- [SOURCE MATERIAL]
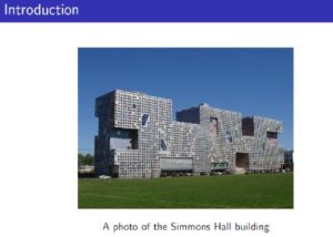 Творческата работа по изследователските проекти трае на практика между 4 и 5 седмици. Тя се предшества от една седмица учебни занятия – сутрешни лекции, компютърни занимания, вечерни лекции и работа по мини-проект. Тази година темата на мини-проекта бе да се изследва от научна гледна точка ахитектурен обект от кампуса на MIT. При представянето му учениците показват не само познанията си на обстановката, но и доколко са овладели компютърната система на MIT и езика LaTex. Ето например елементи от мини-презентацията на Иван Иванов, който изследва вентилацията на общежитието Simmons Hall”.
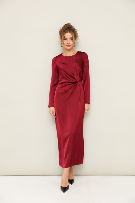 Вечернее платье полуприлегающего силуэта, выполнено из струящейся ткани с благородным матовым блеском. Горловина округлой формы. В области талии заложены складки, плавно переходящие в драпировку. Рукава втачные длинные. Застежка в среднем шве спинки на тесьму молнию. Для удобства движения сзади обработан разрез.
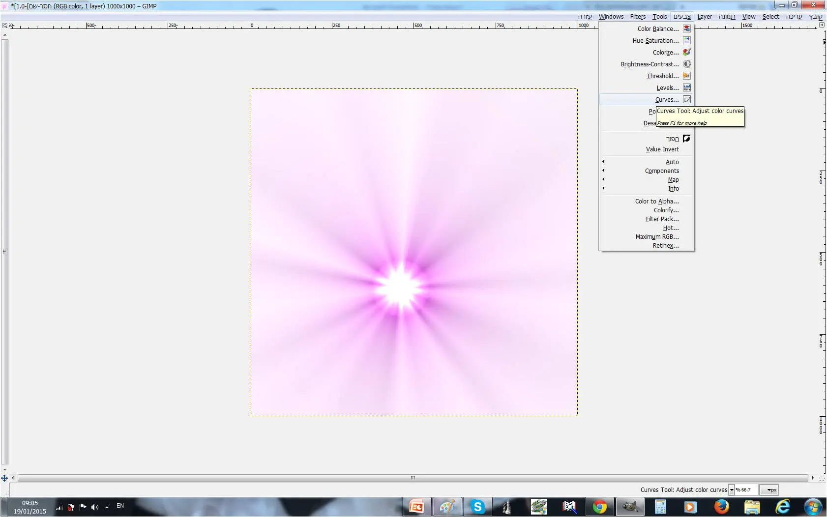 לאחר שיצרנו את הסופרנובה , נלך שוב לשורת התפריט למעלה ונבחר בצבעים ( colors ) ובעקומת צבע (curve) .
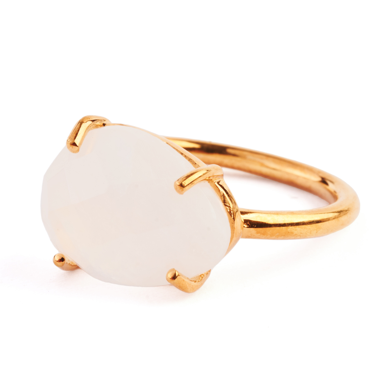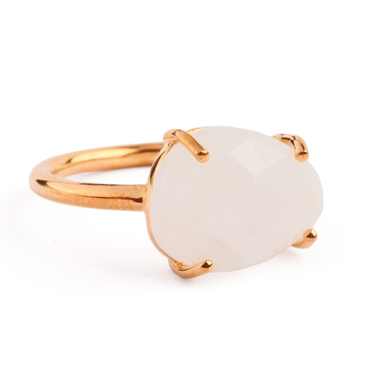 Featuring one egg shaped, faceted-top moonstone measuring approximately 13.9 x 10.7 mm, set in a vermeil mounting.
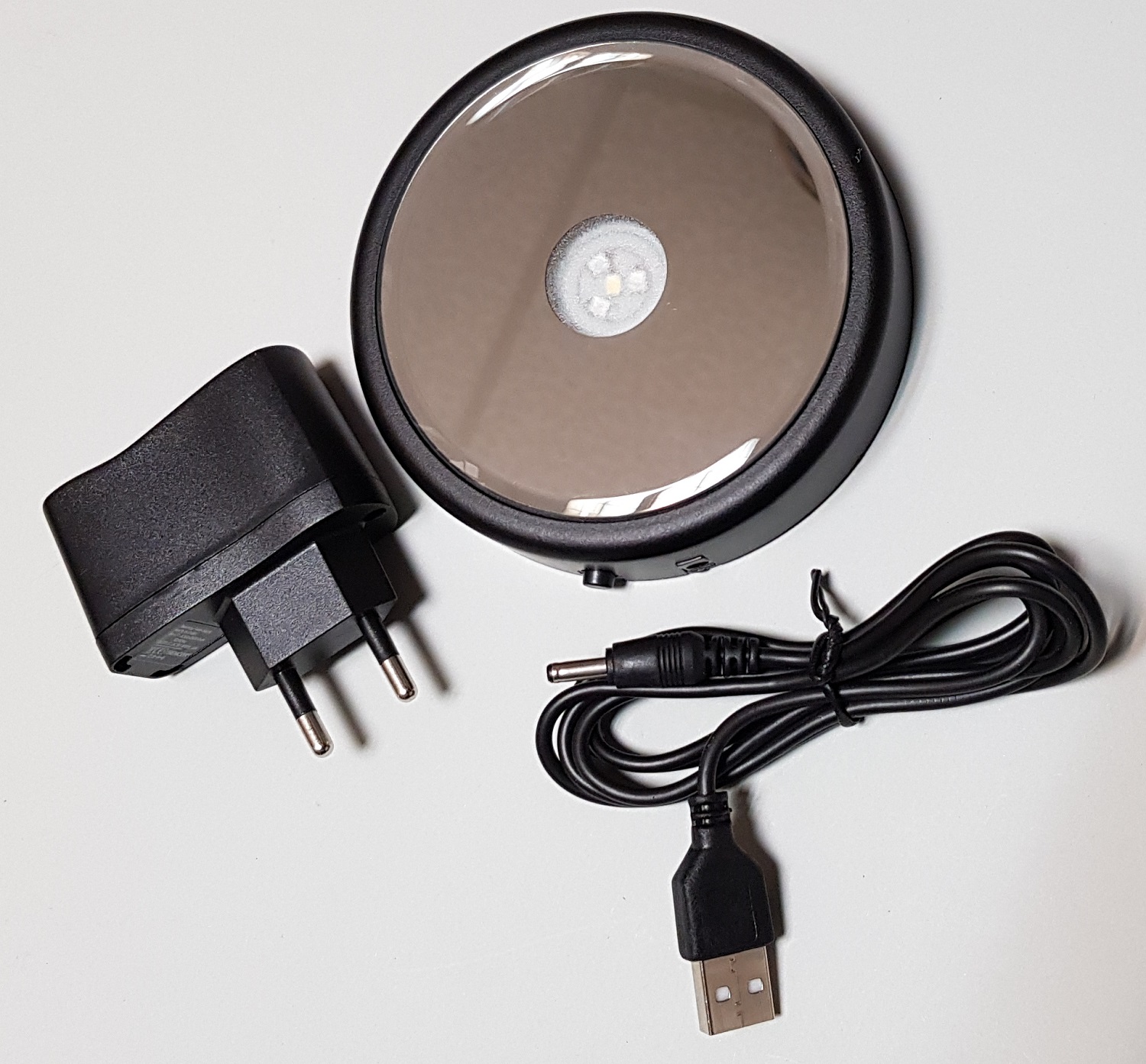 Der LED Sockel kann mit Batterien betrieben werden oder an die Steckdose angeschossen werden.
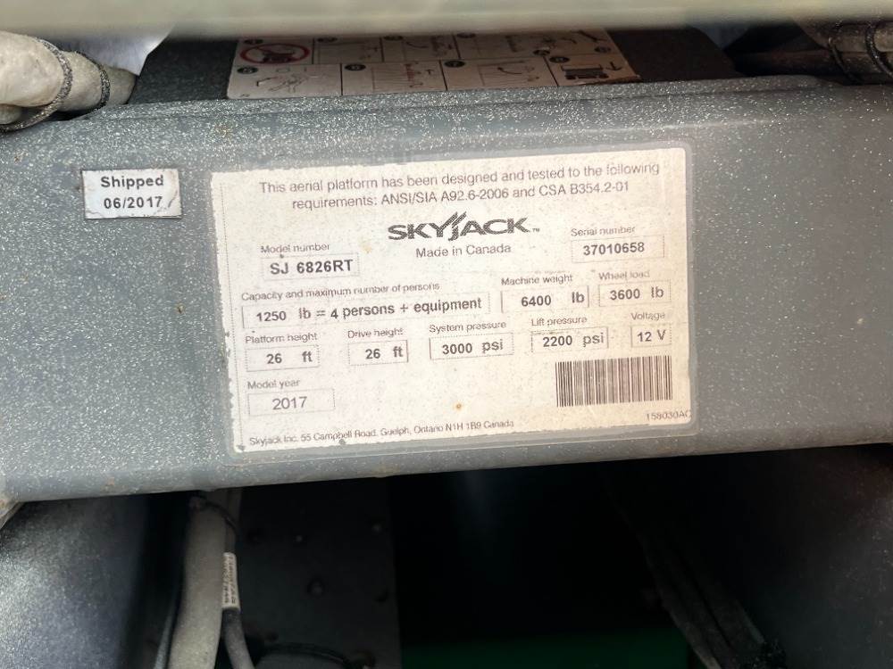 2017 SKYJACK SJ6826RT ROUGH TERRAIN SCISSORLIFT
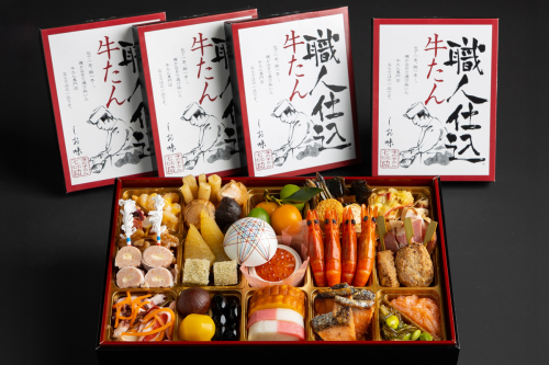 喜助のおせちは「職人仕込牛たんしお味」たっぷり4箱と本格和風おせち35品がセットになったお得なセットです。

- [TASK ITEM] Transcribe all entries above exactly. Omit the pictures.

- [WRITTEN SOLUTION]
 Творческата работа по изследователските проекти трае на практика между 4 и 5 седмици. Тя се предшества от една седмица учебни занятия – сутрешни лекции, компютърни занимания, вечерни лекции и работа по мини-проект. Тази година темата на мини-проекта бе да се изследва от научна гледна точка ахитектурен обект от кампуса на MIT. При представянето му учениците показват не само познанията си на обстановката, но и доколко са овладели компютърната система на MIT и езика LaTex. Ето например елементи от мини-презентацията на Иван Иванов, който изследва вентилацията на общежитието Simmons Hall”.
 Вечернее платье полуприлегающего силуэта, выполнено из струящейся ткани с благородным матовым блеском. Горловина округлой формы. В области талии заложены складки, плавно переходящие в драпировку. Рукава втачные длинные. Застежка в среднем шве спинки на тесьму молнию. Для удобства движения сзади обработан разрез.
 לאחר שיצרנו את הסופרנובה , נלך שוב לשורת התפריט למעלה ונבחר בצבעים ( colors ) ובעקומת צבע (curve) .
 Featuring one egg shaped, faceted-top moonstone measuring approximately 13.9 x 10.7 mm, set in a vermeil mounting.
 Der LED Sockel kann mit Batterien betrieben werden oder an die Steckdose angeschossen werden.
 2017 SKYJACK SJ6826RT ROUGH TERRAIN SCISSORLIFT
 喜助のおせちは「職人仕込牛たんしお味」たっぷり4箱と本格和風おせち35品がセットになったお得なセットです。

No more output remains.